= Beginning of Section =
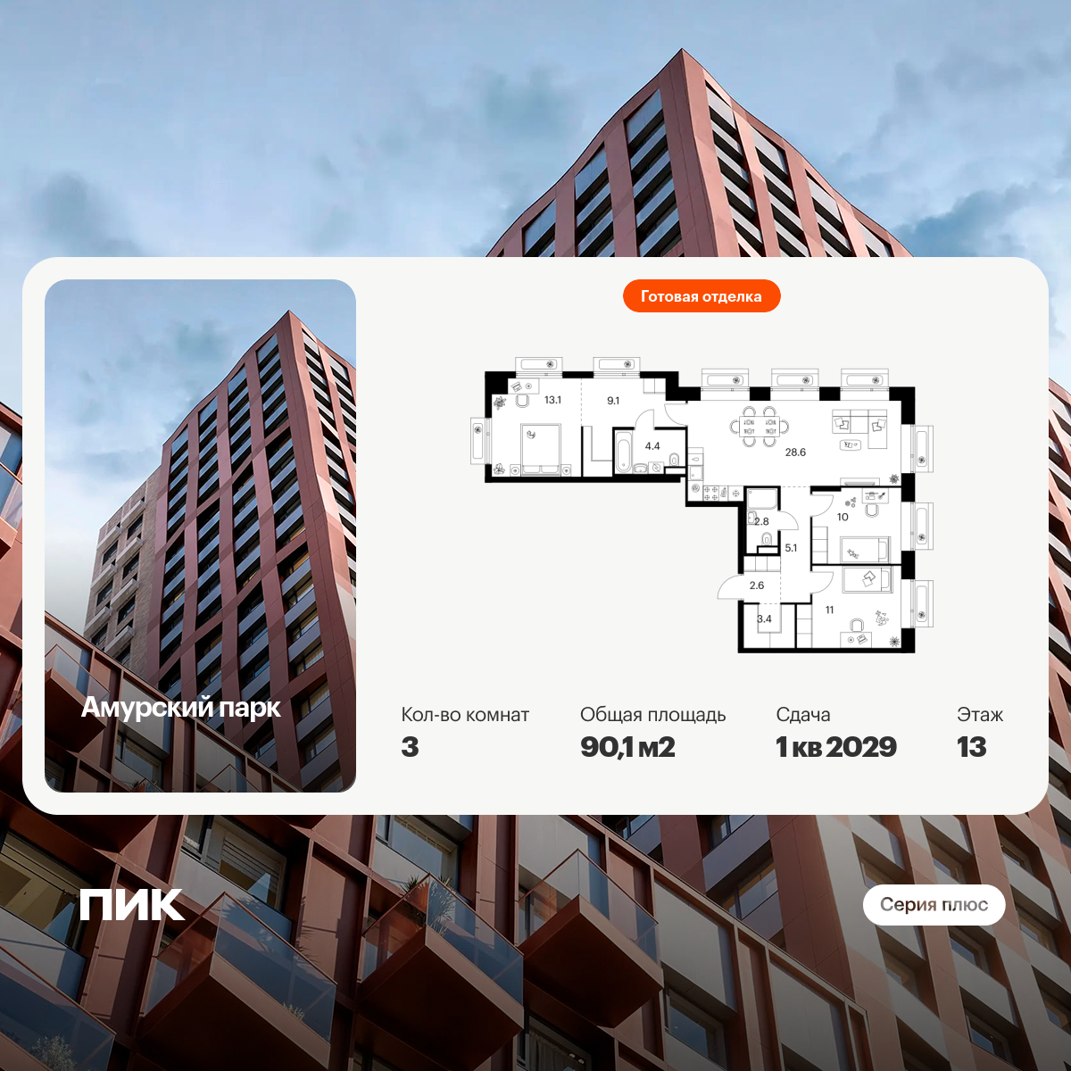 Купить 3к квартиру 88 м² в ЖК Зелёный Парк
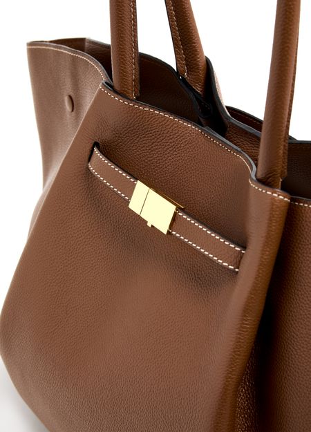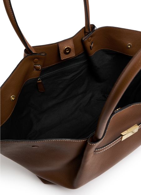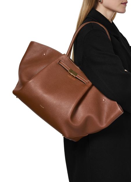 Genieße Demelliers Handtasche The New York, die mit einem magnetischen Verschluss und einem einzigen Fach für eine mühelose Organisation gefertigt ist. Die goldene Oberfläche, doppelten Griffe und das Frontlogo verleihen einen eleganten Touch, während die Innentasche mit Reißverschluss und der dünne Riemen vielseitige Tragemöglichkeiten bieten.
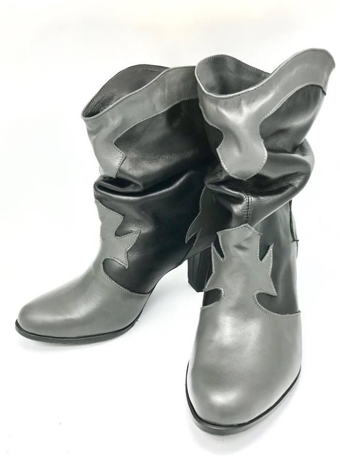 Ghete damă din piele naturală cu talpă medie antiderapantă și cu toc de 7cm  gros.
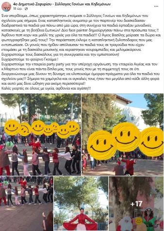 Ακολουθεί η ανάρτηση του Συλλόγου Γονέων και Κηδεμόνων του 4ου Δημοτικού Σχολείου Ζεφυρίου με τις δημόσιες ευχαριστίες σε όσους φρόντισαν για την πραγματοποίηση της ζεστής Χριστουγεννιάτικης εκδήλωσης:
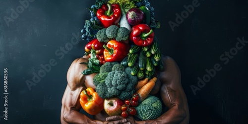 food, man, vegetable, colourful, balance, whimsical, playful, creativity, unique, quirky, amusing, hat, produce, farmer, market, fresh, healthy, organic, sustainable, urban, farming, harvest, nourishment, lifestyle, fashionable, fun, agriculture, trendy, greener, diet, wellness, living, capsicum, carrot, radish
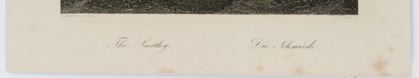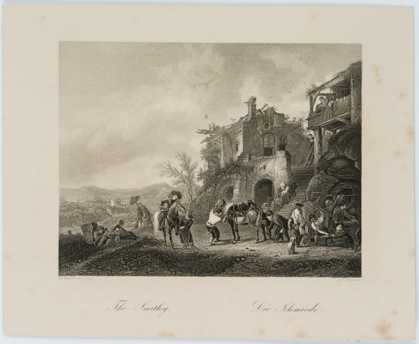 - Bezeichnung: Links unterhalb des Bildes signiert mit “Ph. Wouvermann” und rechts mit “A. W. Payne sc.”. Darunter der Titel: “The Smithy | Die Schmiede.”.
= End of Section =
= Beginning of Section =
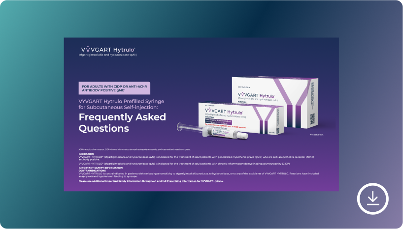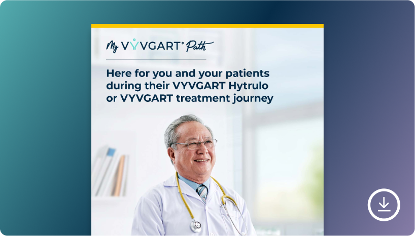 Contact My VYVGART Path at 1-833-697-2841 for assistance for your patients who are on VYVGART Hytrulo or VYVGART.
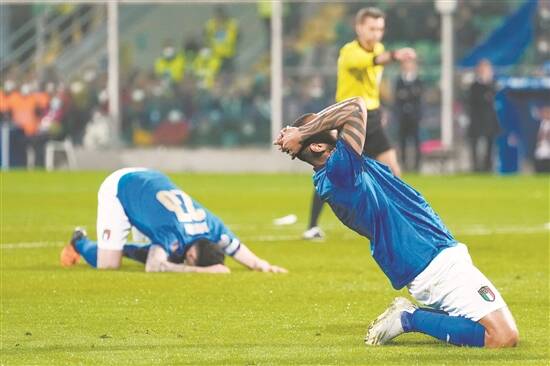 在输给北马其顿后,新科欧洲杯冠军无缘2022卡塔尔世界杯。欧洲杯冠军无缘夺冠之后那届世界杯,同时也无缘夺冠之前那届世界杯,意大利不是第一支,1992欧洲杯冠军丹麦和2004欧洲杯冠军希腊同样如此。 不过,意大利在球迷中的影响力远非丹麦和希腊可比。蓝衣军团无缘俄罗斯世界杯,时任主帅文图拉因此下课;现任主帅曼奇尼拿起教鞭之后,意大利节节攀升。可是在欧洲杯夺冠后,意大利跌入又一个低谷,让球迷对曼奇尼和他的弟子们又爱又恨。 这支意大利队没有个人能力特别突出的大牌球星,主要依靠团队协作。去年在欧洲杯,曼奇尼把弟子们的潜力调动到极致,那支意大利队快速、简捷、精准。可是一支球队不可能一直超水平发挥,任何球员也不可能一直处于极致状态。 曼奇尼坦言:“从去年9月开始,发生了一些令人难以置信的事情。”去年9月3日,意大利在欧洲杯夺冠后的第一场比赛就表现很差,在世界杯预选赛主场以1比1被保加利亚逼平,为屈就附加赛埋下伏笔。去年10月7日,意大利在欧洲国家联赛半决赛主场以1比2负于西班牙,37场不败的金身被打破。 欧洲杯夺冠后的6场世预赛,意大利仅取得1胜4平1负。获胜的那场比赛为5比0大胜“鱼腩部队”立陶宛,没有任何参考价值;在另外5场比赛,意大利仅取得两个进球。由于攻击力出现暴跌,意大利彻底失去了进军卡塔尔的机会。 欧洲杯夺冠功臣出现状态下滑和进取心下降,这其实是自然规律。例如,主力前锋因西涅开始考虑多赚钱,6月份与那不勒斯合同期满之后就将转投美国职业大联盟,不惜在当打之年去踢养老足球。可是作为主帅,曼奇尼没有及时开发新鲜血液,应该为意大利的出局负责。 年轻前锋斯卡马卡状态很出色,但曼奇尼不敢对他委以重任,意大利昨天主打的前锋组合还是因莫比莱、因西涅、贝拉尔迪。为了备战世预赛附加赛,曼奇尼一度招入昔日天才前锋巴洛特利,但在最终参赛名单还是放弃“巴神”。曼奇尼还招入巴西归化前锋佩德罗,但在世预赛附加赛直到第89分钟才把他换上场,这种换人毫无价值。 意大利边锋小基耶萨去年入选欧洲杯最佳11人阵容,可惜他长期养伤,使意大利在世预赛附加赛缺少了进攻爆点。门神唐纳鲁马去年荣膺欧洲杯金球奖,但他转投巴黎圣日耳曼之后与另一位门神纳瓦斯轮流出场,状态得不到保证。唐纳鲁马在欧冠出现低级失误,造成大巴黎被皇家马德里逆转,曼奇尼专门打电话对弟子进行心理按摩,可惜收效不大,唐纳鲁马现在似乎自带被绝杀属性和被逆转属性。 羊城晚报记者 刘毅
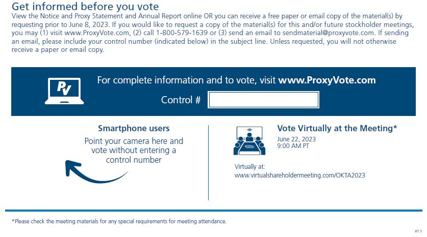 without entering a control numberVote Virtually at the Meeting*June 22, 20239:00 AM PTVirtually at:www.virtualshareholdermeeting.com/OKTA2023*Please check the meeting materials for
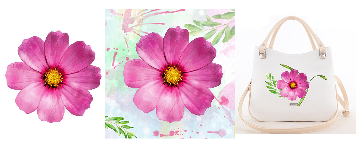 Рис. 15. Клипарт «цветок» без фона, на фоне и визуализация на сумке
= End of Section =
# [Task directions]
From the records above, write out exactly the lines that begin at the line with "capsicum, carrot, radish" and end at the line with "- Bezeichnung: Links". Pictures must not appear in the output.

# [Solution for this task]
 food, man, vegetable, colourful, balance, whimsical, playful, creativity, unique, quirky, amusing, hat, produce, farmer, market, fresh, healthy, organic, sustainable, urban, farming, harvest, nourishment, lifestyle, fashionable, fun, agriculture, trendy, greener, diet, wellness, living, capsicum, carrot, radish
 - Bezeichnung: Links unterhalb des Bildes signiert mit “Ph. Wouvermann” und rechts mit “A. W. Payne sc.”. Darunter der Titel: “The Smithy | Die Schmiede.”.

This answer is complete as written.